Powershell regex only select digits - regex

I have a script that I am working on to parse each line in the log. My issue is the regex I use matches from src= until space.
I only want the ip address not the src= part. But I do still need to match from src= up to space but in the result only store digits. Below is what I use but it sucks really badly. So any help would be helpful
#example text
$destination=“src=192.168.96.112 dst=192.168.5.22”
$destination -match 'src=[^\s]+'
$result = $matches.Values
#turn it into string since trim doesn’t work
$result=echo $result
$result=$result.trim(“src=”)

You can use a lookbehind here, and since -match only returns the first match, you will be able to access the matched value using $matches[0]:
$destination -match '(?<=src=)\S+' | Out-Null
$matches[0]
# => 192.168.96.112
See the .NET regex demo.
(?<=src=) - matches a location immediately preceded with src=
\S+ - one or more non-whitespace chars.
To extract all these values, use
Select-String '(?<=src=)\S+' -input $destination -AllMatches | Foreach {$_.Matches} | Foreach-Object {$_.Value}
or
Select-String '(?<=src=)\S+' -input $destination -AllMatches | % {$_.Matches} | % {$_.Value}

Another way could be using a capturing group:
src=(\S+)
Regex demo | Powershell demo
For example
$destination=“src=192.168.96.112 dst=192.168.5.22”
$pattern = 'src=(\S+)'
Select-String $pattern -input $destination -AllMatches | Foreach-Object {$_.Matches} | Foreach-Object {$_.Groups[1].Value}
Output
192.168.96.112
Or a bit more specific matching the dot and the digits (or see this page for an even more specific match for an ip number)
src=(\d{1,3}(?:\.\d{1,3}){3})

Related

Regex Powershell shows too much

I am new to powershell.
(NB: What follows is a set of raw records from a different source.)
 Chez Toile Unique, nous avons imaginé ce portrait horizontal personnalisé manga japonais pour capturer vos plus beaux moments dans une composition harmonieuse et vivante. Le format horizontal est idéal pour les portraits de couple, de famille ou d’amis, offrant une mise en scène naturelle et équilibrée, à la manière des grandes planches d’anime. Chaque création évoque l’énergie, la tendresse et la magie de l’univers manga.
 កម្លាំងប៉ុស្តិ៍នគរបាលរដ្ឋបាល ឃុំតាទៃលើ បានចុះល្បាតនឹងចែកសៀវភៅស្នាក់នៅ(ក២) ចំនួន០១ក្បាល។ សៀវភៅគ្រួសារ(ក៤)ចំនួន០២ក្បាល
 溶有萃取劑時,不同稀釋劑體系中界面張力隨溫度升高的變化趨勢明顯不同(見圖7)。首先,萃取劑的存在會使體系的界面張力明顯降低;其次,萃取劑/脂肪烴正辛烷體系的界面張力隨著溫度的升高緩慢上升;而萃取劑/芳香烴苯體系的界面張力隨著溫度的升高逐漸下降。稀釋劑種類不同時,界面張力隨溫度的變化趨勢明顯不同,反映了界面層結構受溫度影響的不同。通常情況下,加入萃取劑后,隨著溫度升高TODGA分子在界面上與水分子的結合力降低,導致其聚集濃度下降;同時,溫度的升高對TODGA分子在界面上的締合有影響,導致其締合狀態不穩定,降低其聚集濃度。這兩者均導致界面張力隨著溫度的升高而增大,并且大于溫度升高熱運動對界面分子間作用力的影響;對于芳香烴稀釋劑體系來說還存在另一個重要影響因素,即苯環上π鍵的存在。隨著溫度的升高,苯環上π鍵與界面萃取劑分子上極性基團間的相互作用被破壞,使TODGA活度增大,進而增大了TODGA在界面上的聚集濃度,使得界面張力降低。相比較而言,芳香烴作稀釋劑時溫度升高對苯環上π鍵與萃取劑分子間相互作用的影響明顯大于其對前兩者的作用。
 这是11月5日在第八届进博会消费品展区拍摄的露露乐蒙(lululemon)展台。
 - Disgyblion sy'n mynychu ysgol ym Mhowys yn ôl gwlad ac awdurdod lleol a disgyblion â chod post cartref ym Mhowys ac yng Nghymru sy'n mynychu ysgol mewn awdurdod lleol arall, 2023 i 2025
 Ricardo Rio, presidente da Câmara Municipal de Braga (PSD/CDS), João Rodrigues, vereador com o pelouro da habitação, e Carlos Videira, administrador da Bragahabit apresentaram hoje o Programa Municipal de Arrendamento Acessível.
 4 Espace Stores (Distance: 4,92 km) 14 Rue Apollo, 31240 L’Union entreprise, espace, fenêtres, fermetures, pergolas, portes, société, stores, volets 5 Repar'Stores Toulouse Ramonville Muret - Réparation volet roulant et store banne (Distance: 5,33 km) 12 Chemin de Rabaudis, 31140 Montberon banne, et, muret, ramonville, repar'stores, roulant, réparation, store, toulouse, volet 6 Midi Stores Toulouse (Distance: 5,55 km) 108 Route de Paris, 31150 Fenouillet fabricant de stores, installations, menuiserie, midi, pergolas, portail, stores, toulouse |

I am trying to automate my work a bit and need simple extraction of following pattern from all filetypes:
([0-9A-Z]{2,4}.[0-9A-Z]{8}.[0-9A-Z]{8}.[0-9A-Z]{4})
Example:
*lots of text*
X-xdaemon-transaction-id: string=9971.0A67341C.6147B834.0043,ee=3,shh,rec=0.0,recu=0.0,reid=0.0,cu=3,cld=1
X-xdaemon-transaction-id: string=AA71.0A67341C.6147B442.0043,ee=3,shh,rec=0.0,recu=0.0,reip=0.0,cu=3,cld=1
*lots of text*
Unfortunately, I am receiving output like this:
1mAAAA-0005nG-TN-H:220:
X-xdaemon-transaction-id: string=AA71.0A67341C.6147B442.0043,ee=3,shh,rec=0.0,recu=0.0,reip=0.0,cu=3,cld=1
my 'code' is as following:
Select-String -Path C:\Samples\* -Pattern "(0001.[0-9A-Z]{8}.[0-9A-Z]{8}.[0-9A-Z]{4})" -CaseSensitive
And I'd like to receive only the patterns: AA71.0A67341C.6147B442.0043 without anything added
Thanks for any help!
You can use
$rx = '\b[0-9A-Z]{2,4}\.[0-9A-Z]{8}\.[0-9A-Z]{8}\.[0-9A-Z]{4}\b'
Select-String -AllMatches -Pattern $rx -Path 'C:\Samples\*' -CaseSensitive | % { $_.matches.value }
That is,
Add word boundaries to match your expected strings as whole words and escape the literal . chars
Use -AllMatches (to get multiple matches per line if any) and access each resulting object match value with $_.matches.value.
PS test:
PS C:\Users\admin> $B = Select-String -AllMatches -Pattern '\b[0-9A-Z]{2,4}\.[0-9A-Z]{8}\.[0-9A-Z]{8}\.[0-9A-Z]{4}\b' -Path 'C:\Samples\*' -CaseSensitive | % { $_.matches.value }
PS C:\Users\admin> $B
9971.0A67341C.6147B834.0043
AA71.0A67341C.6147B442.0043
PS C:\Users\admin>
try:
$find = Get-ChildItem *.txt | Select-String -Pattern '\b[0-9A-Z]{2,4}.[0-9A-Z]{8}.[0-9A-Z]{8}.[0-9A-Z]{4}\b' -CaseSensitive
$find.Matches.Value

Powershell capture multiple values?

The following code returns only one match.
$s = 'x.a,
x.b,
x.c
'
$s -match 'x\.(.*?)[,$]'
$Matches.Count # return 2
$Matches[1] # returns a only
Excepted to return a, b, c.
The -match operator only finds the first match. The -AllMatches with Select-String will fetch all matches in the input. Also, [,$] matches a , or $ literal chars, the $ is not a string/line end metacharacter.
A possible solution may look like
Select-String 'x\.([^,]+)' -input $s -AllMatches | Foreach {$_.Matches} | Foreach-Object {$_.Groups[1].Value}
The pattern is x\.([^,]+), it matches x. and then captures into Group 1 any one or more chars other than ,.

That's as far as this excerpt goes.